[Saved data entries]

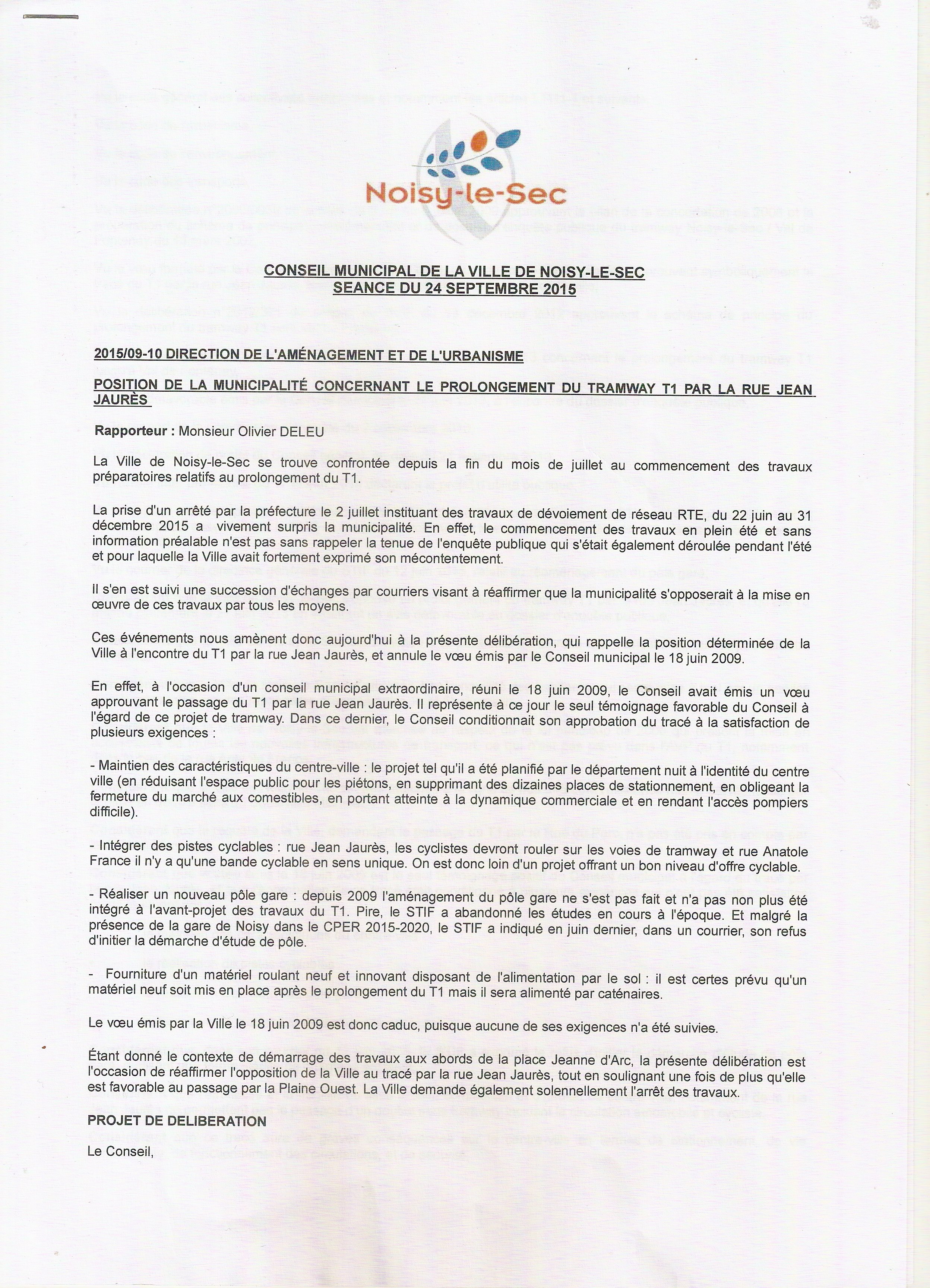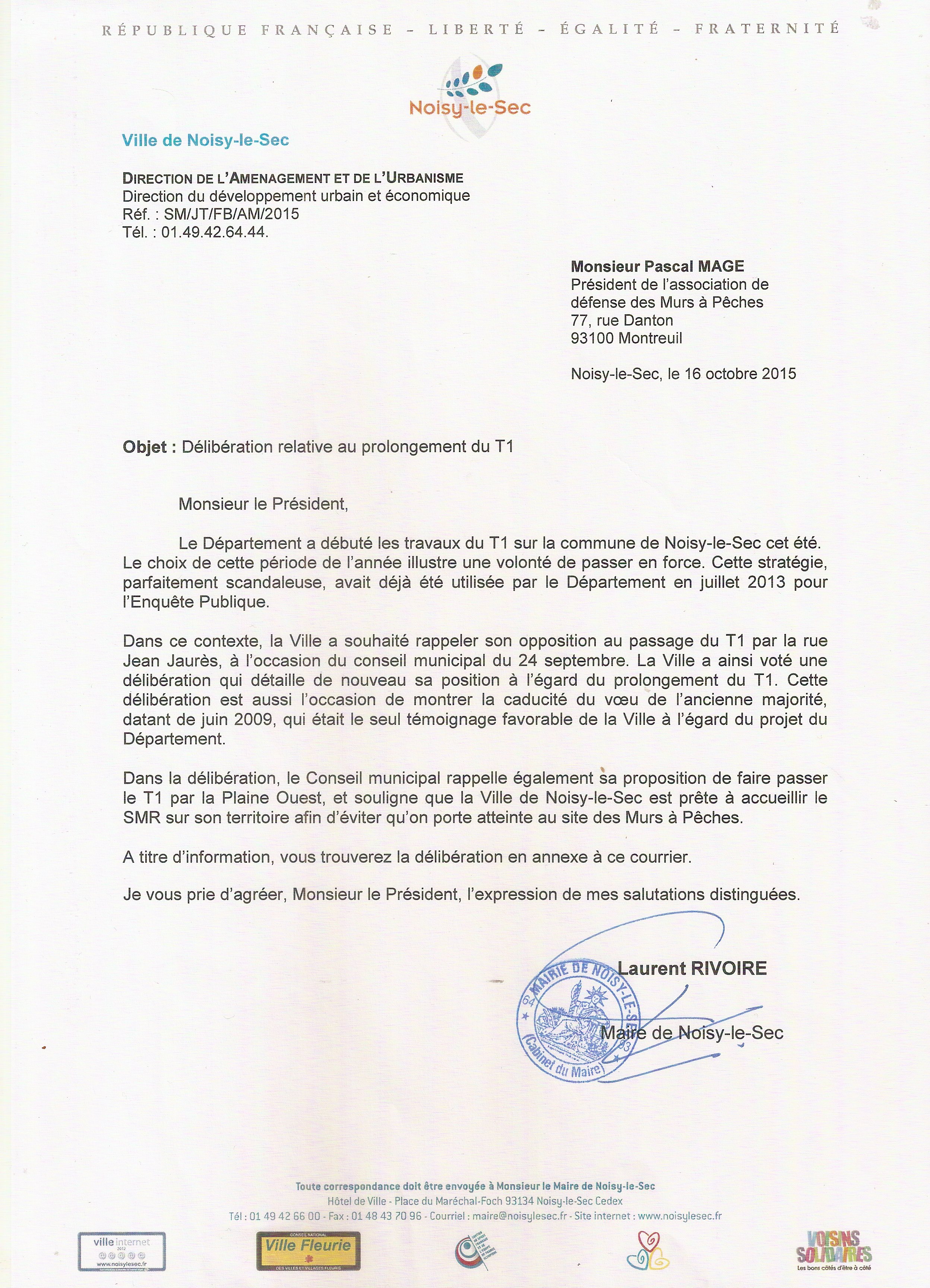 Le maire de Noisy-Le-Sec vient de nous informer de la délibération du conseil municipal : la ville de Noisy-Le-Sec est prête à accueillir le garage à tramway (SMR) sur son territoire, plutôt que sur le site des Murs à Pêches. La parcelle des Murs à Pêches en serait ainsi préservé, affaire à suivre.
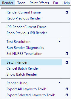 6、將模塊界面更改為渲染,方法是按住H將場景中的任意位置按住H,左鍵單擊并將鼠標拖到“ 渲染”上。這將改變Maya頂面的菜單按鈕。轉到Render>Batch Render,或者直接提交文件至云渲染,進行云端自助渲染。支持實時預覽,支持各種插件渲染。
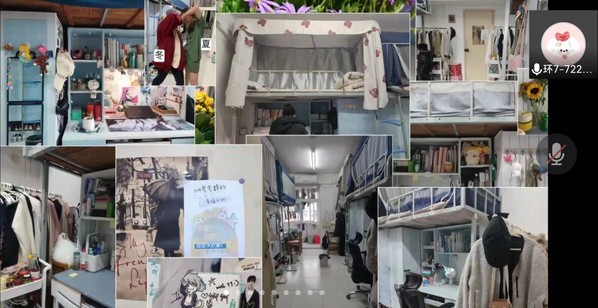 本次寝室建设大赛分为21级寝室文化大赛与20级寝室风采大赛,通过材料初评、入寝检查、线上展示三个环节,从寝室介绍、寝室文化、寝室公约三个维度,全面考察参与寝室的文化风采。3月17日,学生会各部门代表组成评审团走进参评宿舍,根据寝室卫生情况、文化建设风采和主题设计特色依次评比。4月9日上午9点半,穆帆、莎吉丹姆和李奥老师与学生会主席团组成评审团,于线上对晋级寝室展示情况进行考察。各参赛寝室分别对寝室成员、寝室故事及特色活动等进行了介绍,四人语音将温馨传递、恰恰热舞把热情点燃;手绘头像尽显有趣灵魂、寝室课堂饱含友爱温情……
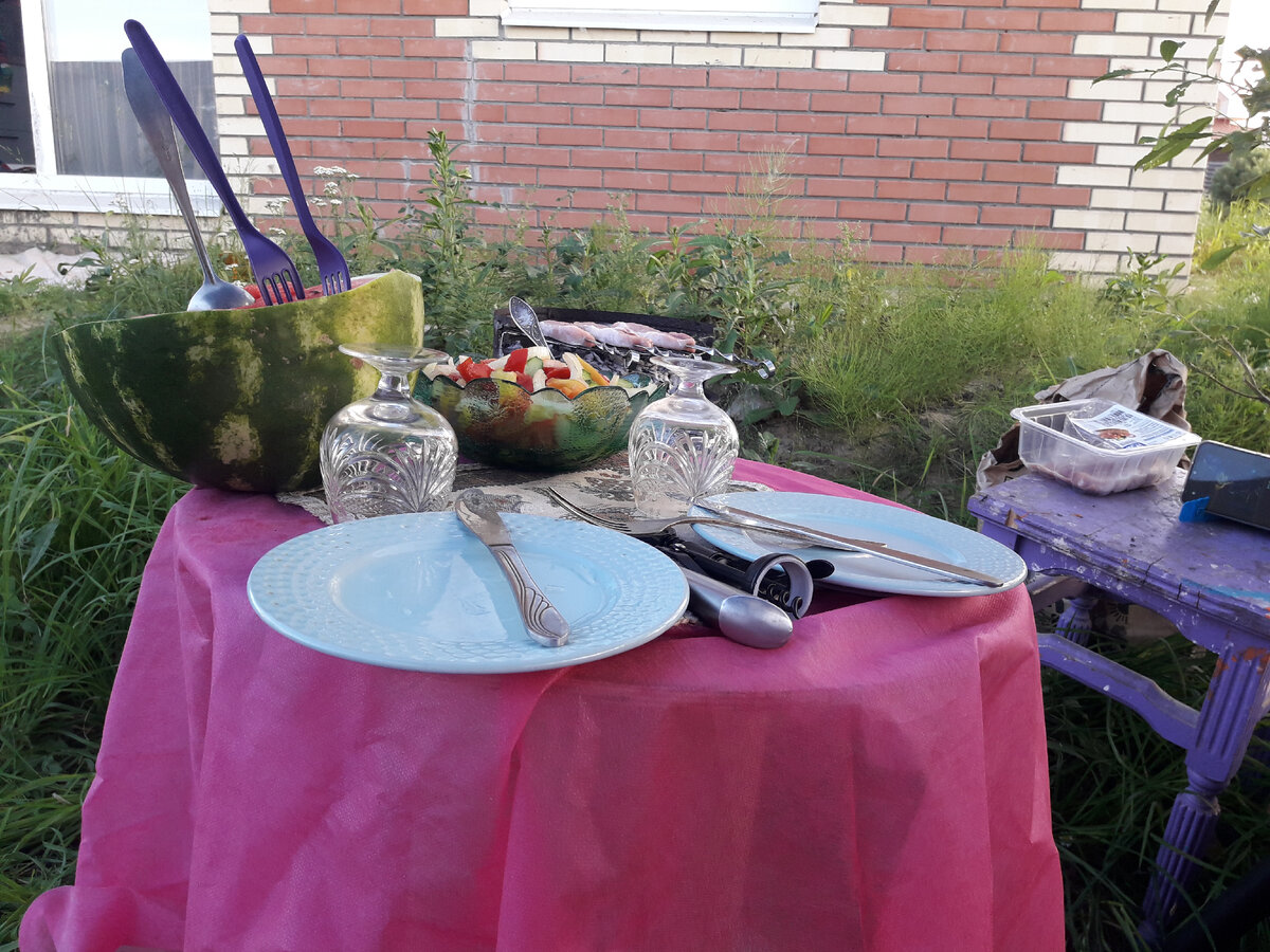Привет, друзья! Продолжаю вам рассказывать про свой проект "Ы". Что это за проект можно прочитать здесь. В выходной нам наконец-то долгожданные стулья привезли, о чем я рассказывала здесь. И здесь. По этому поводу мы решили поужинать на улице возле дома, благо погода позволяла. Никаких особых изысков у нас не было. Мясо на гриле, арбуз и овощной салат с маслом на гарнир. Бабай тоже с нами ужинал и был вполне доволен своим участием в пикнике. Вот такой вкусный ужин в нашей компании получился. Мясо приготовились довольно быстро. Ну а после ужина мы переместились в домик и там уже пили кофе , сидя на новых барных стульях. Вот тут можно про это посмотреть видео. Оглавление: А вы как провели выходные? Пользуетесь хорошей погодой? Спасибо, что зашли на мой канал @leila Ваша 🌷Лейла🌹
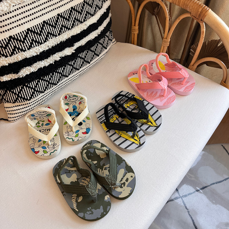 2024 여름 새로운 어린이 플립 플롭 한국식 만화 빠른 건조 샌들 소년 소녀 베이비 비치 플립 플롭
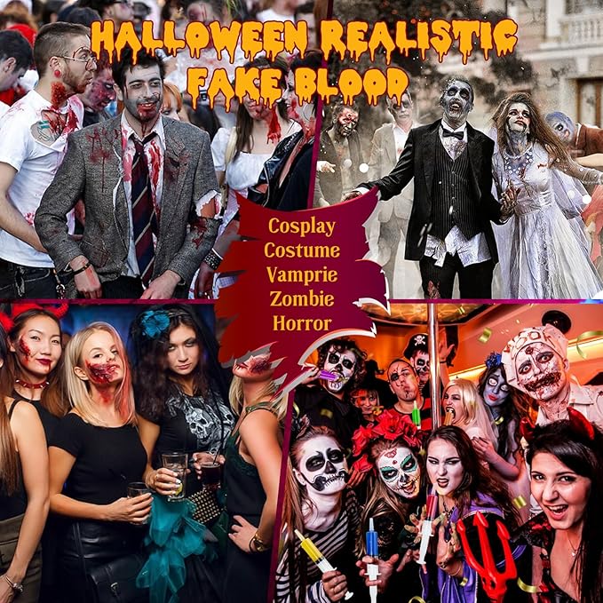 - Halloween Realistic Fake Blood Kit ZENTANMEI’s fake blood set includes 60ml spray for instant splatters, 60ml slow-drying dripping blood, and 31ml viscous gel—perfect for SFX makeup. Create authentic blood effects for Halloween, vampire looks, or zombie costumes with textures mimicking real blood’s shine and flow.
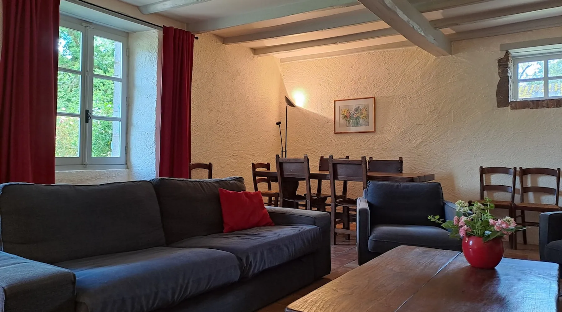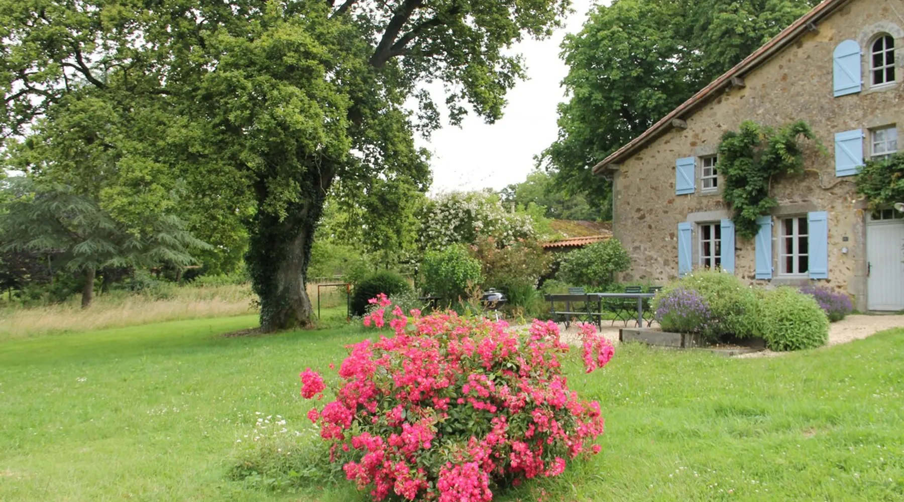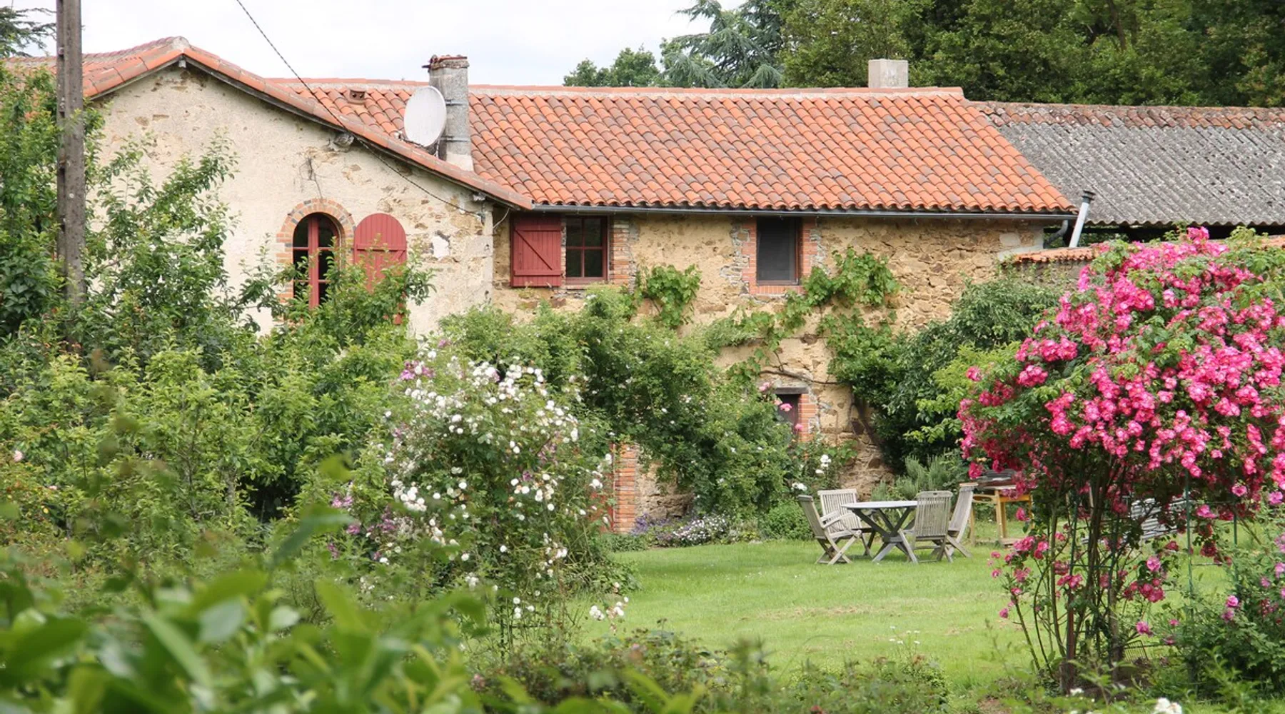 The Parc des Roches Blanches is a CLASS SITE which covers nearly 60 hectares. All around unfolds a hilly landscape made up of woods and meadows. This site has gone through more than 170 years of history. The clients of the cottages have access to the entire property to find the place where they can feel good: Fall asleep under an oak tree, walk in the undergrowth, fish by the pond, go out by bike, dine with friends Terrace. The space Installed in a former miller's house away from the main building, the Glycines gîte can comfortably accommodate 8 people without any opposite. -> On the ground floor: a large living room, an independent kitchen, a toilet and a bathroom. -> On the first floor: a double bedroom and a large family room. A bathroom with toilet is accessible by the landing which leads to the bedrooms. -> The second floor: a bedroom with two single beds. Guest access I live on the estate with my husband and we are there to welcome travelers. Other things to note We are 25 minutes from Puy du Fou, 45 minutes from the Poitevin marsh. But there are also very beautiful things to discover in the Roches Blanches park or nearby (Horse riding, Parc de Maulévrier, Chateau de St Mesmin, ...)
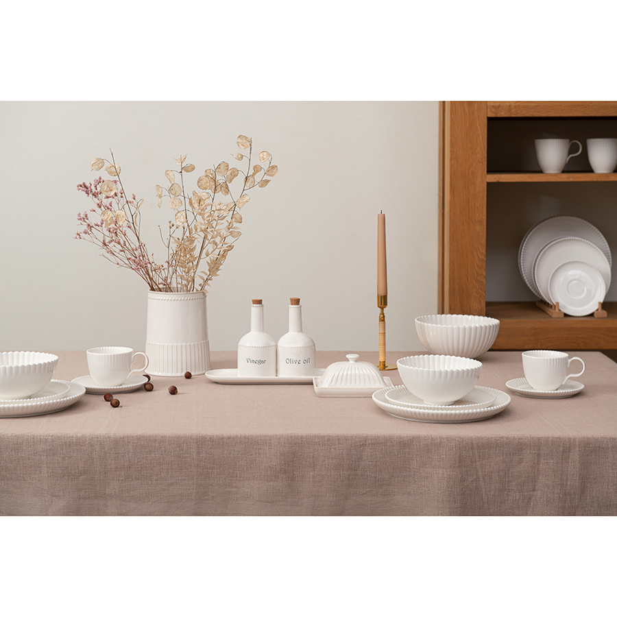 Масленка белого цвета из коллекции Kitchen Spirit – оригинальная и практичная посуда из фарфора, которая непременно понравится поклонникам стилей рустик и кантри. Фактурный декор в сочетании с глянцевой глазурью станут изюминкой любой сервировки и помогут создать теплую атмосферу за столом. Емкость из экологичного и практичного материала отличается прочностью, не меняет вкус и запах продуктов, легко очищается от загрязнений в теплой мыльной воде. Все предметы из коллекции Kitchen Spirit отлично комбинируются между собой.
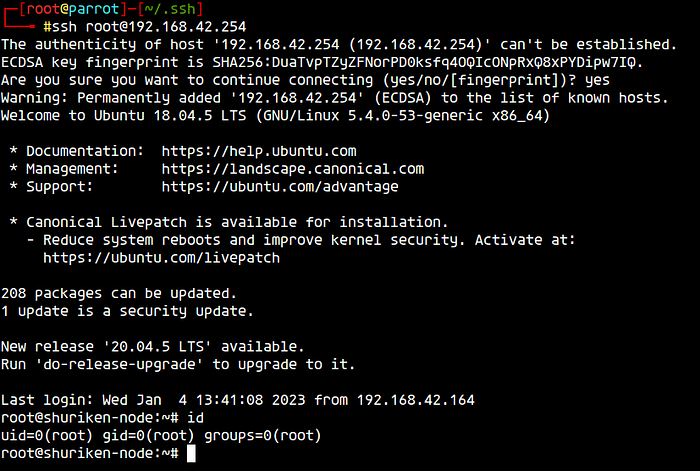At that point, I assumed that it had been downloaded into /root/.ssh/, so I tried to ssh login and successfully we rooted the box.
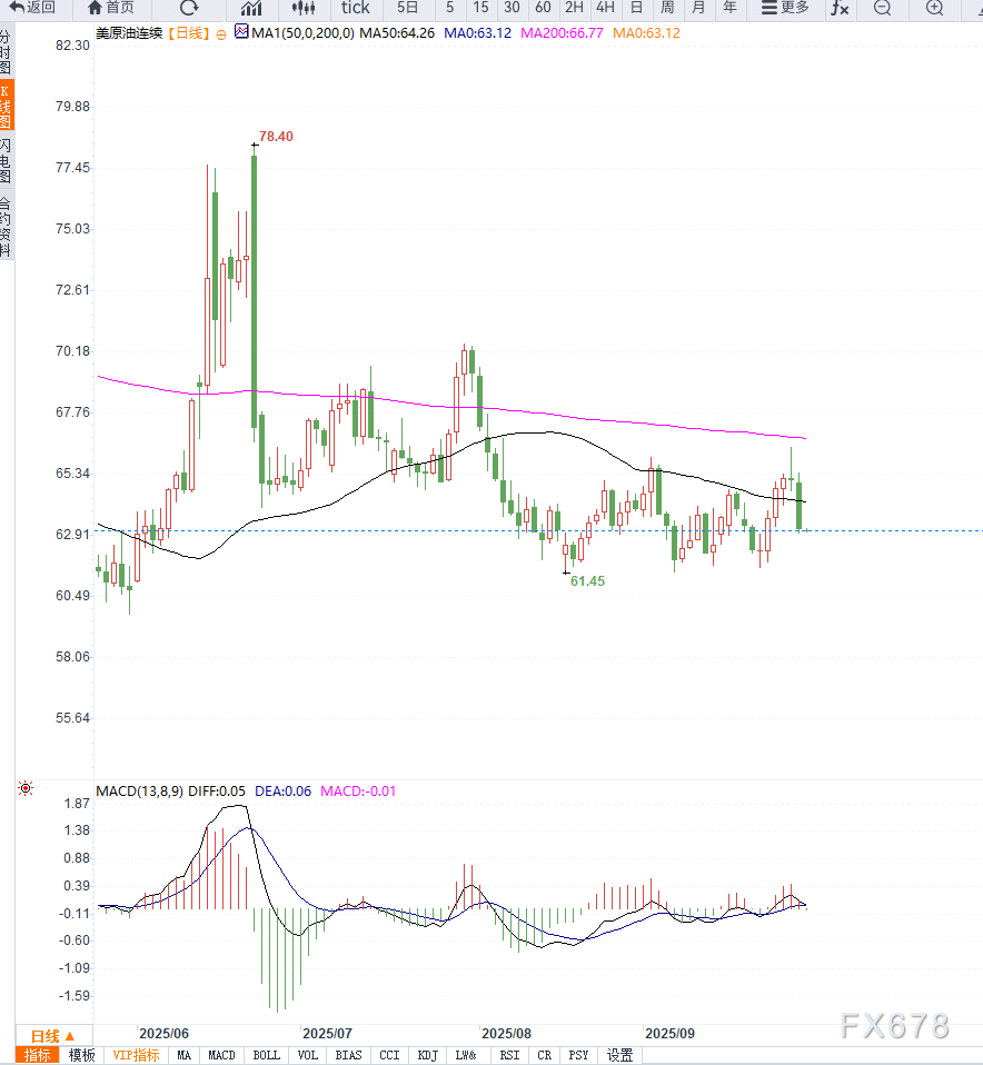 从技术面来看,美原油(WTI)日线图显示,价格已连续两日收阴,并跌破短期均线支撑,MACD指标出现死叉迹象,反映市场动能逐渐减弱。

* _ACTIVITY_
Your task is to repeat the records exactly. Images do not belong in the copy.

* _RESPONSE TO THIS EXERCISE_
 Le maire de Noisy-Le-Sec vient de nous informer de la délibération du conseil municipal : la ville de Noisy-Le-Sec est prête à accueillir le garage à tramway (SMR) sur son territoire, plutôt que sur le site des Murs à Pêches. La parcelle des Murs à Pêches en serait ainsi préservé, affaire à suivre.
 6、將模塊界面更改為渲染,方法是按住H將場景中的任意位置按住H,左鍵單擊并將鼠標拖到“ 渲染”上。這將改變Maya頂面的菜單按鈕。轉到Render>Batch Render,或者直接提交文件至云渲染,進行云端自助渲染。支持實時預覽,支持各種插件渲染。
 本次寝室建设大赛分为21级寝室文化大赛与20级寝室风采大赛,通过材料初评、入寝检查、线上展示三个环节,从寝室介绍、寝室文化、寝室公约三个维度,全面考察参与寝室的文化风采。3月17日,学生会各部门代表组成评审团走进参评宿舍,根据寝室卫生情况、文化建设风采和主题设计特色依次评比。4月9日上午9点半,穆帆、莎吉丹姆和李奥老师与学生会主席团组成评审团,于线上对晋级寝室展示情况进行考察。各参赛寝室分别对寝室成员、寝室故事及特色活动等进行了介绍,四人语音将温馨传递、恰恰热舞把热情点燃;手绘头像尽显有趣灵魂、寝室课堂饱含友爱温情……
Привет, друзья! Продолжаю вам рассказывать про свой проект "Ы". Что это за проект можно прочитать здесь. В выходной нам наконец-то долгожданные стулья привезли, о чем я рассказывала здесь. И здесь. По этому поводу мы решили поужинать на улице возле дома, благо погода позволяла. Никаких особых изысков у нас не было. Мясо на гриле, арбуз и овощной салат с маслом на гарнир. Бабай тоже с нами ужинал и был вполне доволен своим участием в пикнике. Вот такой вкусный ужин в нашей компании получился. Мясо приготовились довольно быстро. Ну а после ужина мы переместились в домик и там уже пили кофе , сидя на новых барных стульях. Вот тут можно про это посмотреть видео. Оглавление: А вы как провели выходные? Пользуетесь хорошей погодой? Спасибо, что зашли на мой канал @leila Ваша 🌷Лейла🌹
 2024 여름 새로운 어린이 플립 플롭 한국식 만화 빠른 건조 샌들 소년 소녀 베이비 비치 플립 플롭
 - Halloween Realistic Fake Blood Kit ZENTANMEI’s fake blood set includes 60ml spray for instant splatters, 60ml slow-drying dripping blood, and 31ml viscous gel—perfect for SFX makeup. Create authentic blood effects for Halloween, vampire looks, or zombie costumes with textures mimicking real blood’s shine and flow.
 The Parc des Roches Blanches is a CLASS SITE which covers nearly 60 hectares. All around unfolds a hilly landscape made up of woods and meadows. This site has gone through more than 170 years of history. The clients of the cottages have access to the entire property to find the place where they can feel good: Fall asleep under an oak tree, walk in the undergrowth, fish by the pond, go out by bike, dine with friends Terrace. The space Installed in a former miller's house away from the main building, the Glycines gîte can comfortably accommodate 8 people without any opposite. -> On the ground floor: a large living room, an independent kitchen, a toilet and a bathroom. -> On the first floor: a double bedroom and a large family room. A bathroom with toilet is accessible by the landing which leads to the bedrooms. -> The second floor: a bedroom with two single beds. Guest access I live on the estate with my husband and we are there to welcome travelers. Other things to note We are 25 minutes from Puy du Fou, 45 minutes from the Poitevin marsh. But there are also very beautiful things to discover in the Roches Blanches park or nearby (Horse riding, Parc de Maulévrier, Chateau de St Mesmin, ...)
 Масленка белого цвета из коллекции Kitchen Spirit – оригинальная и практичная посуда из фарфора, которая непременно понравится поклонникам стилей рустик и кантри. Фактурный декор в сочетании с глянцевой глазурью станут изюминкой любой сервировки и помогут создать теплую атмосферу за столом. Емкость из экологичного и практичного материала отличается прочностью, не меняет вкус и запах продуктов, легко очищается от загрязнений в теплой мыльной воде. Все предметы из коллекции Kitchen Spirit отлично комбинируются между собой.
At that point, I assumed that it had been downloaded into /root/.ssh/, so I tried to ssh login and successfully we rooted the box.
 从技术面来看,美原油(WTI)日线图显示,价格已连续两日收阴,并跌破短期均线支撑,MACD指标出现死叉迹象,反映市场动能逐渐减弱。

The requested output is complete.